I've been a zone leader with DZone since 2008, and I'm crazy about community. Every day I get to work with the best that JavaScript, HTML5, Android and iOS has to offer, creating apps that truly make at difference, as principal front-end architect at Avego. James is a DZone Zone Leader and has posted 639 posts at DZone. You can read more from them at their website. View Full User Profile

# Thursday Code Puzzler: Return the Factorial

08.02.2012
| 4136 views |

Thursday is code puzzler day here at DZone. The idea is simple: solve the coding problem as efficiently as you can, in any language or framework that you find suitable.

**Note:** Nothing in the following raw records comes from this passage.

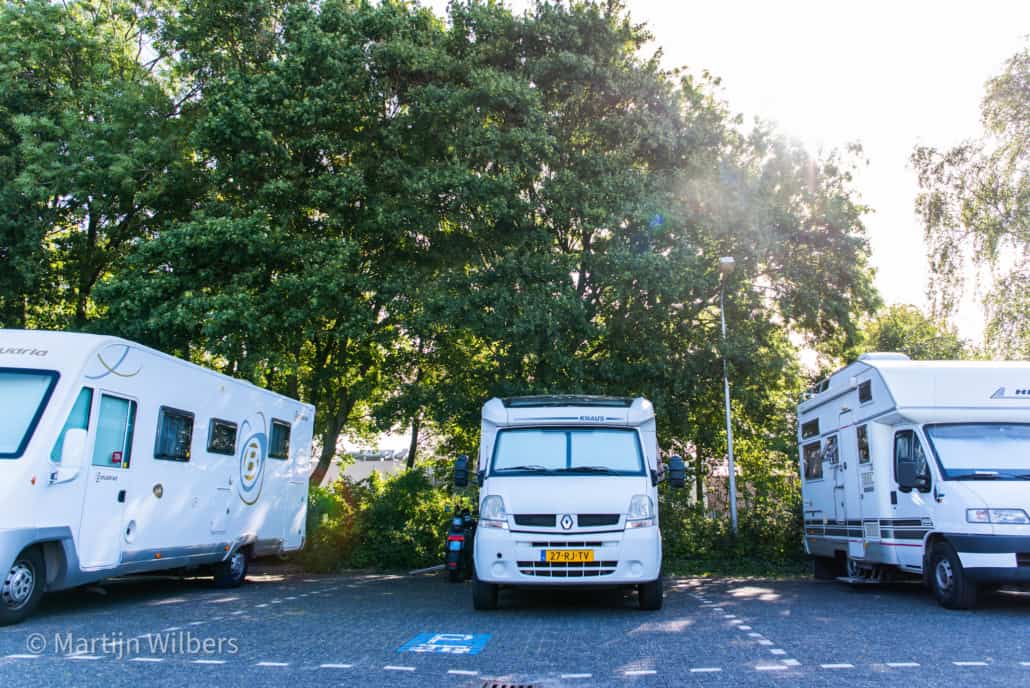 In alle vroegte hadden ook onze buren besloten om, waarschijnlijk met dezelfde reden, om half 9 al weg te rijden. Wij vertrokken zelf niet veel later via een kleine omweg om naar Appingedam te gaan. Bij aankomst stonden alle plekken helaas vol, maar omdat we zo vroeg waren zaten velen nog aan een ontbijt. We hebben even gewacht in de hoop dat er een camper na de maaltijd zou vertrekken. Gelukkig was dat ook zo en konden we ons installeren.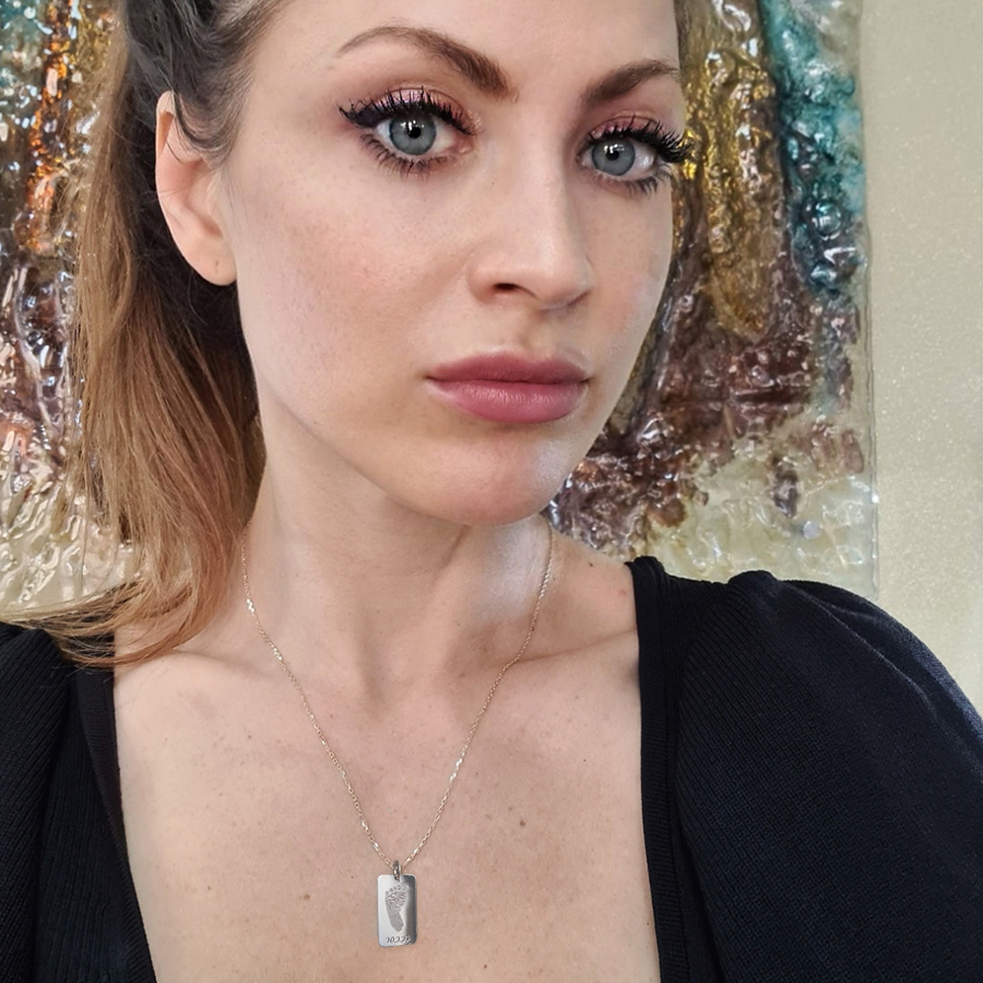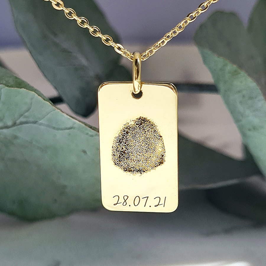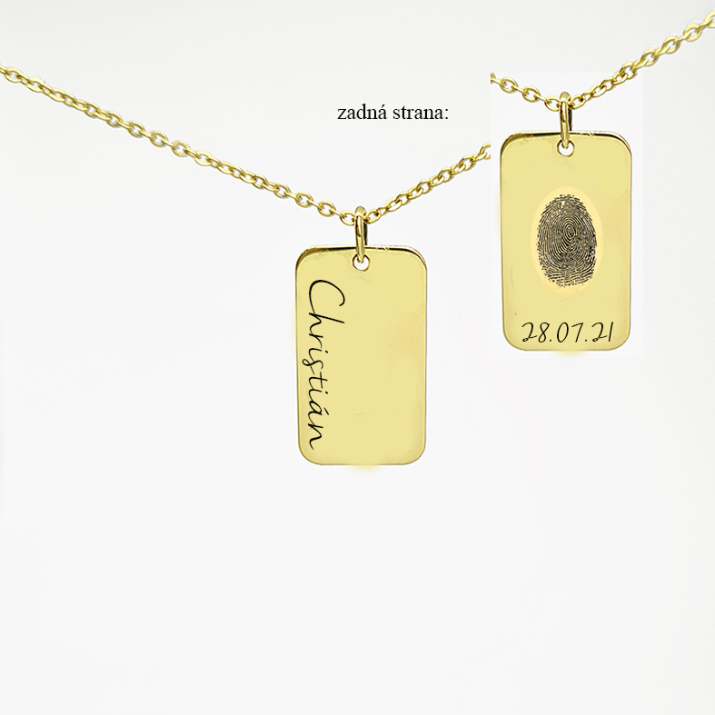 Zlatá platnička v štýle vojenskej známky s odtlačkom je veľmi osobný šperk pre mamičky aj oteckov. Veď viete, ako rýchlo ten čas letí, zvečnite na platničku odtlačok rúčky, alebo nôžky svojho dieťatka zakiaľ je ešte malé.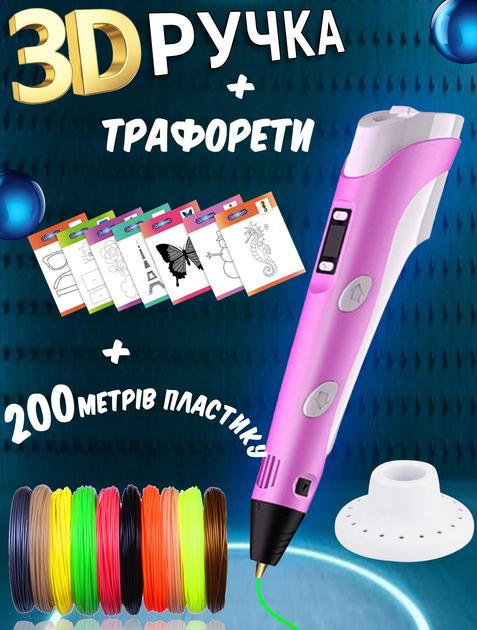 3D-Ручка 3Dpen З Lcd Екраном Повний Набір Пластик І Трафарети Фіолетовий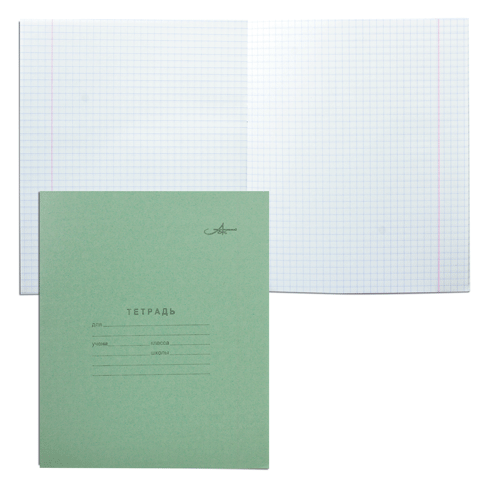Внутренний блок - офсет 60 г/м2, клетка с полями. Классическая тетрадная обложка. 12 листов. Скрепление - скрепка.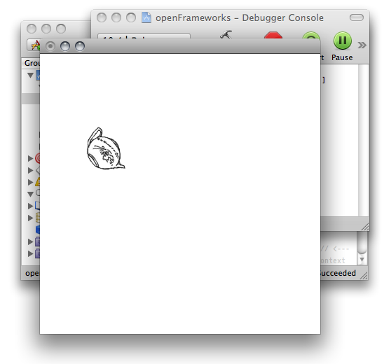 Ensuite, aller dans votre fichier d'implémentation testApp.cpp, importez l'image dans le setup() et affichez l'image dans le draw(). Si vous avez une image avec une couche alpha (comme la notre), activez également au début du programme l'utilisation des couches alpha (cf. ofEnableAlphaBlending()) :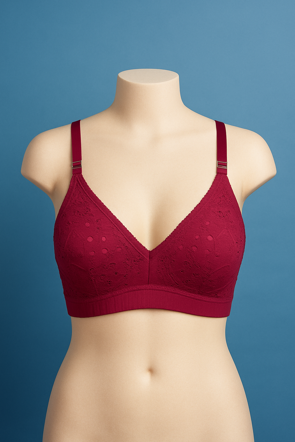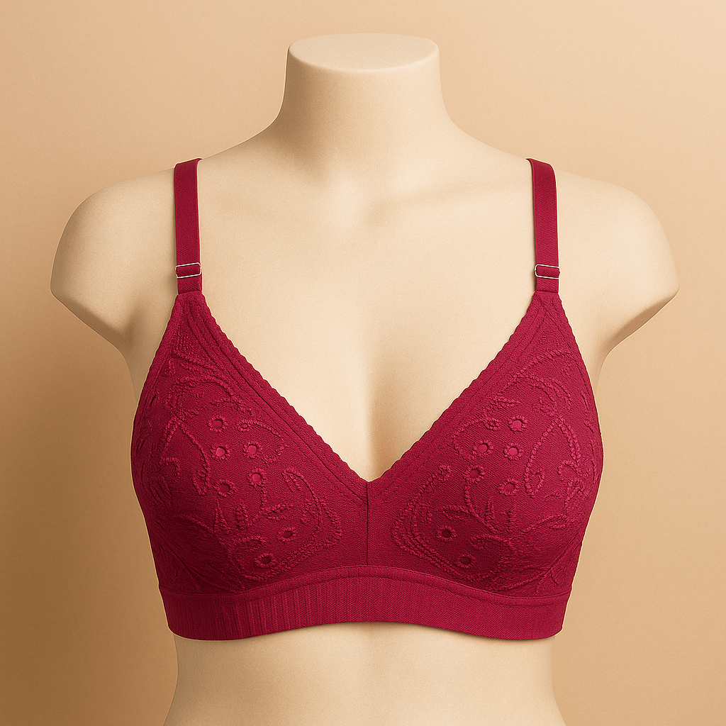The delicate floral lace overlay adds a feminine charm, while the non-wired, stretchable fit gives you complete freedom of movement without compromising support. Perfect for both daily wear and special occasions, this bra combines lightweight comfort with a touch of refined style.

Note: Even though there really is nothing stopping you from finding a solution to this on the internet, try to keep honest, and come up with your own answer.  It's all about the participation!

Return the Factorial

Write a function which will return the factorial of a number n. Factorial is the product of the sequence  n, n-1, n-2 .... 1.  And remember that the factorial of 0 is actually 1.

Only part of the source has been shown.